_Material provided:_
Segment Open
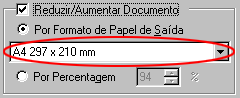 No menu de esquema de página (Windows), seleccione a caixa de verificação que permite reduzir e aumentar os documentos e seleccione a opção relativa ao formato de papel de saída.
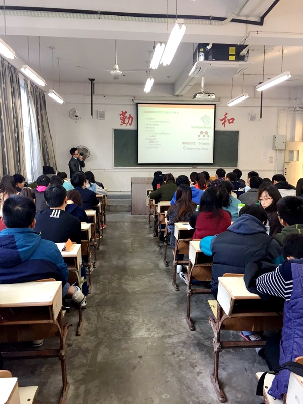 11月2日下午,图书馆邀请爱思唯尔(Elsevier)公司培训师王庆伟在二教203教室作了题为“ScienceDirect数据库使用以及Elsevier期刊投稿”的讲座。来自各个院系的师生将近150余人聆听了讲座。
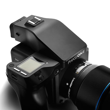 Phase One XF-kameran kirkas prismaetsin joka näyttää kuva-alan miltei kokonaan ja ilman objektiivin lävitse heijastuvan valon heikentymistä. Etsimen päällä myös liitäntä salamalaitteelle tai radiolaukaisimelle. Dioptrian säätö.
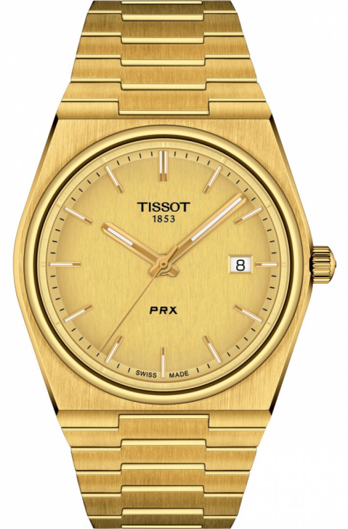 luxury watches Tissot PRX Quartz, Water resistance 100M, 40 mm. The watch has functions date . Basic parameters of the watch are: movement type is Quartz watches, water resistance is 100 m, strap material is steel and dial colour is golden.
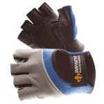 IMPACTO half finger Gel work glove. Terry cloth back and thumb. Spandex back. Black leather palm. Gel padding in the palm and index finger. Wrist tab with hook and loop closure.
Segment Closed
The result should be a transcript of the lines from the line containing "Phase One XF-kameran" through the end of the listing above, exact, inclusive, and without pictures.

 Phase One XF-kameran kirkas prismaetsin joka näyttää kuva-alan miltei kokonaan ja ilman objektiivin lävitse heijastuvan valon heikentymistä. Etsimen päällä myös liitäntä salamalaitteelle tai radiolaukaisimelle. Dioptrian säätö.
 luxury watches Tissot PRX Quartz, Water resistance 100M, 40 mm. The watch has functions date . Basic parameters of the watch are: movement type is Quartz watches, water resistance is 100 m, strap material is steel and dial colour is golden.
 IMPACTO half finger Gel work glove. Terry cloth back and thumb. Spandex back. Black leather palm. Gel padding in the palm and index finger. Wrist tab with hook and loop closure.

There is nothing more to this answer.